***** Supplied data *****

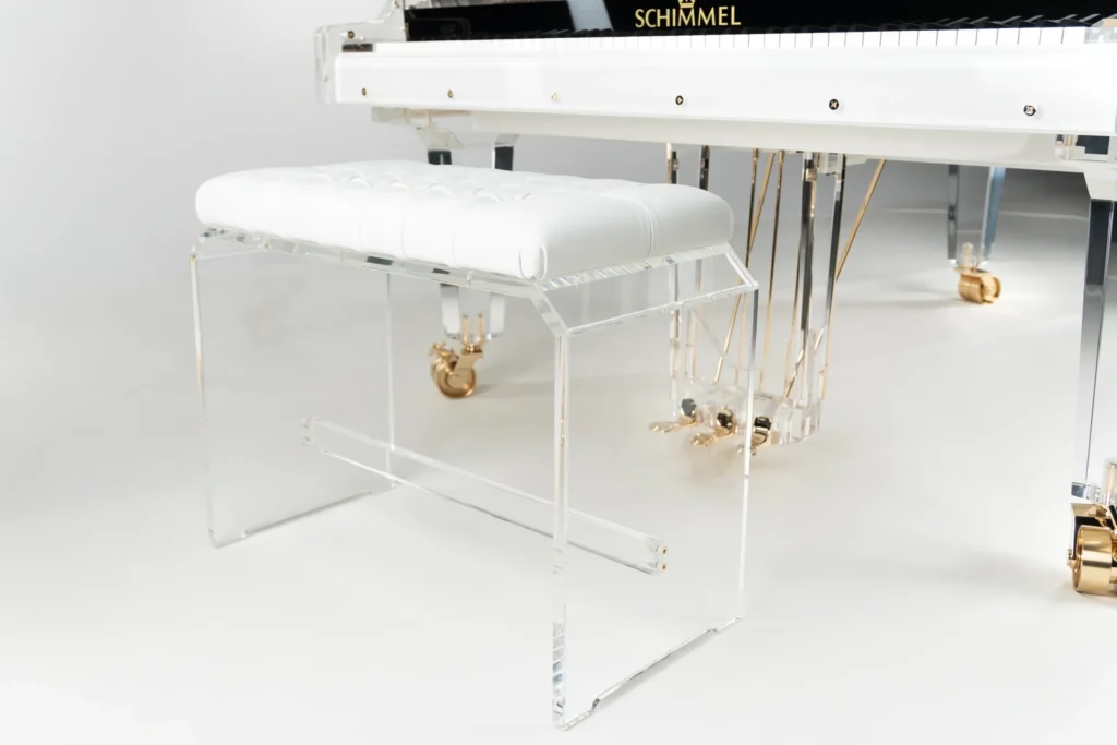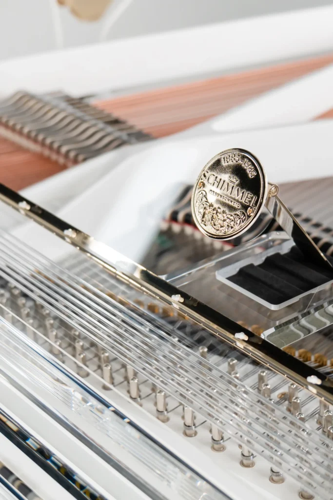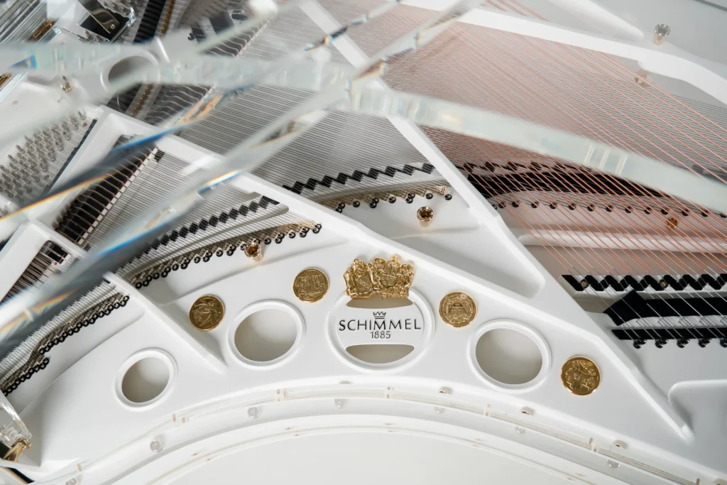 In Klang, Spielbarkeit und Technik steht er seinen klassischen Brüdern in nichts nach. Die perfekte Symbiose aus Spielwerk und Klangkörper überzeugt anspruchsvolle Pianisten ebenso wie passionierte Hobbyspieler. Um die optische Leichtigkeit des transparenten Materials zu unterstützen, hat Schimmel den Gussrahmen, den Resonanzboden und die sichtbaren Holzelemente in einem leicht gebrochenen Weiß gehalten. Dies verleiht dem Flügel eine schwebende Eleganz. Wer es individueller mag: Auch jeder andere Farbton ist auf Anfrage lieferbar.
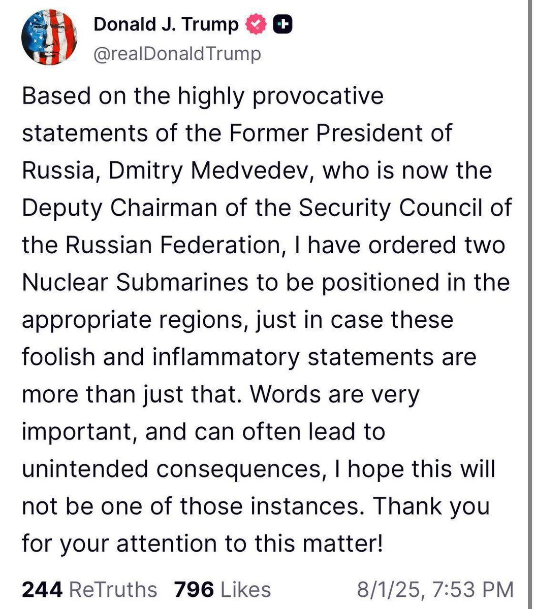 Трамп сообщил, что распорядился направить две атомные подлодки «в соответствующие регионы» из-за заявлений Дмитрия Медведева. «На фоне крайне провокационных высказываний бывшего президента России, а ныне зампреда Совбеза РФ, я приказал разместить две атомные субмарины на случай, если эти безрассудные слова не останутся просто словами», — написал Трамп в своей соцсети Truth Social. Ранее у Трампа с Медведевым случился баттл в соцсетях. 28 июля Дмитрий Медведев сначала предостерёг в соцсети американского лидера от ультиматумов, назвав их шагом к войне. А спустя несколько дней, 31 июля, в ответ на критику Трампа в адрес России, он посоветовал тому вспомнить о "ходячих мертвецах" и "мертвой руке". "Мертвой рукой" на Западе называют советскую систему "Периметр", которая была создана для гарантированного ответного ядерного удара в случае агрессии, даже если высшее руководство страны будет уничтожено.
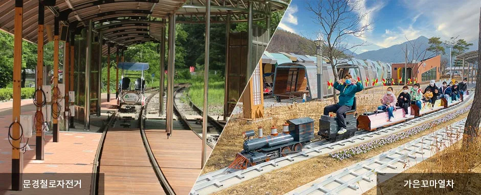 "20여 년 전 석탄을 실어 나르던 철로가 이젠 관광 자원으로 변모 하여 전국 최초로 철로 위를 달리는' 문경 철로 자전거' 로 태어났다고" 홍보를 하고 있다.
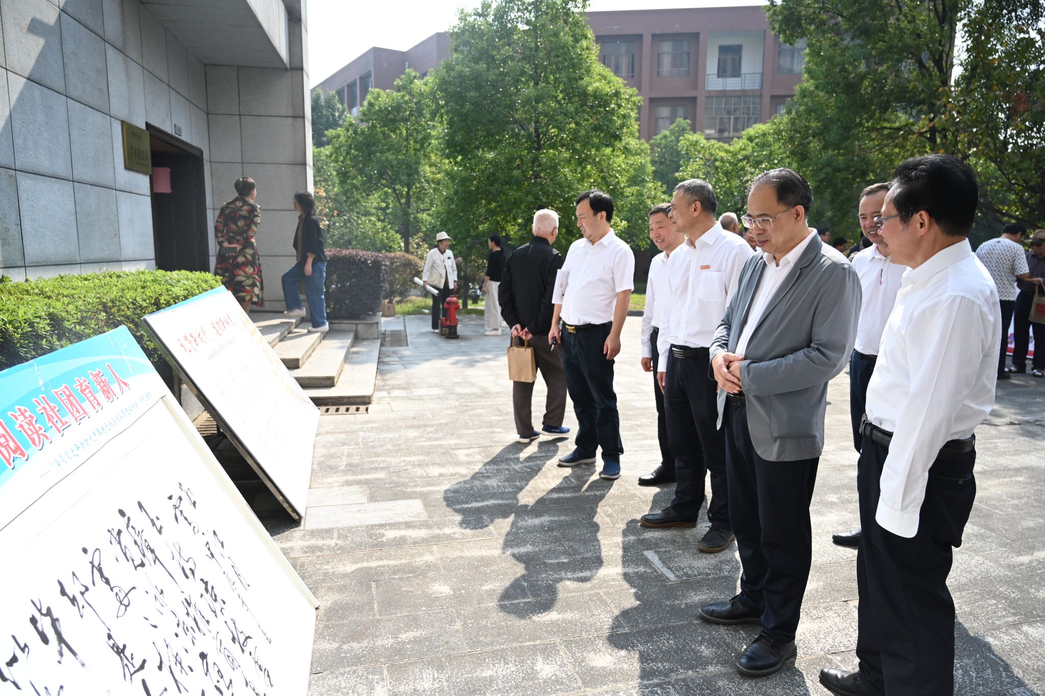 会后,何振一行来到学校图书馆东门外,参观了 “迎评估 颂城院”老干部优秀诗词书画作品展。
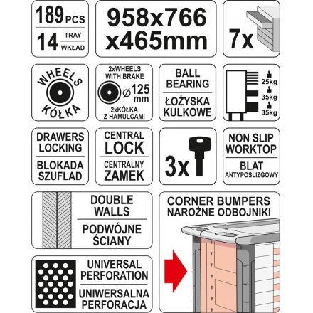 Thiết kế với 3 ngăn tủ to 4 ngăn nhỏ có thể cất giữ tất cả những dụng cụ cần thiết. Đặc biệt, các ngăn tủ có thêm các bảng ghi chú phân loại dụng cụ để dễ dàng hơn cho việc lưu trữ cũng như tìm kiếm.
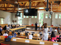 Drijvend tropisch eiland afgemeerd voor de Bukdijk
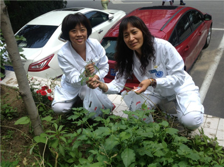 为充分发挥党员的先锋模范作用,从点滴小事做起认真实践社会主义核心价值观,2014年6月20日,北京大学人民医院中医科党支部组织党员开展中医科药植园除草活动。
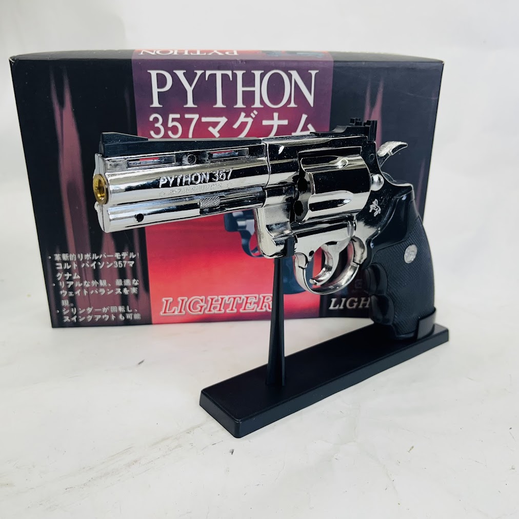 【未使用】Python 357 マグナム コレクターズ ライター, クロム仕上げ, リボルバーモデル, デスクトップディスプレイス...
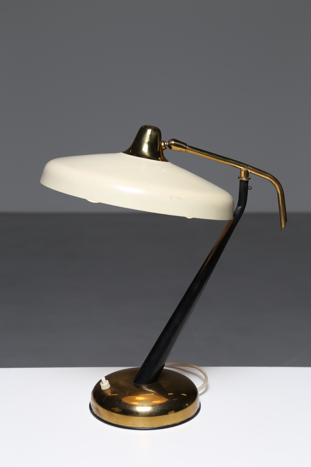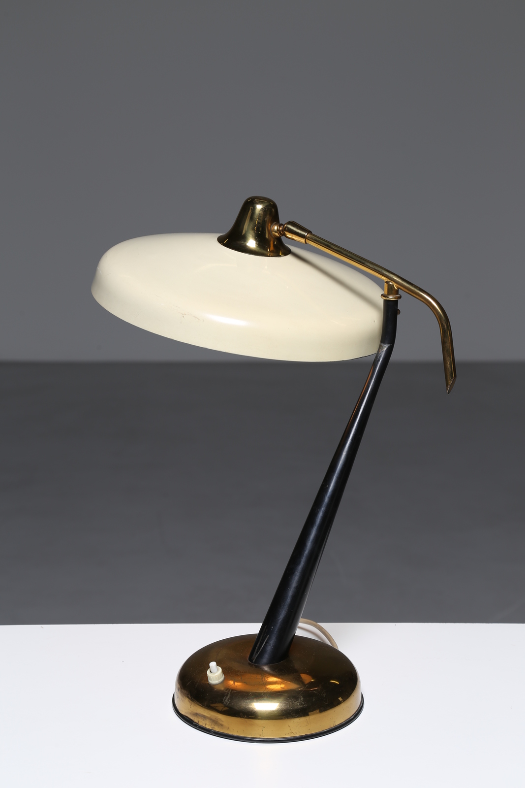TORLASCO OSCAR Lampada da tavolo mod. 331 in ottone e metallo laccato, per Lumi , 1950 Bib. Rivista dell’arredamento gennaio 1963 . -. Cm 42,00 x 40,00 x 31,00. anni 50

*****

Work to complete |
What should appear is an exact copy of the lines from the one containing "为充分发挥党员的先锋模范作用" through the last line of the records above, pictures excluded.

Response to this exercise |
 为充分发挥党员的先锋模范作用,从点滴小事做起认真实践社会主义核心价值观,2014年6月20日,北京大学人民医院中医科党支部组织党员开展中医科药植园除草活动。
 【未使用】Python 357 マグナム コレクターズ ライター, クロム仕上げ, リボルバーモデル, デスクトップディスプレイス...
TORLASCO OSCAR Lampada da tavolo mod. 331 in ottone e metallo laccato, per Lumi , 1950 Bib. Rivista dell’arredamento gennaio 1963 . -. Cm 42,00 x 40,00 x 31,00. anni 50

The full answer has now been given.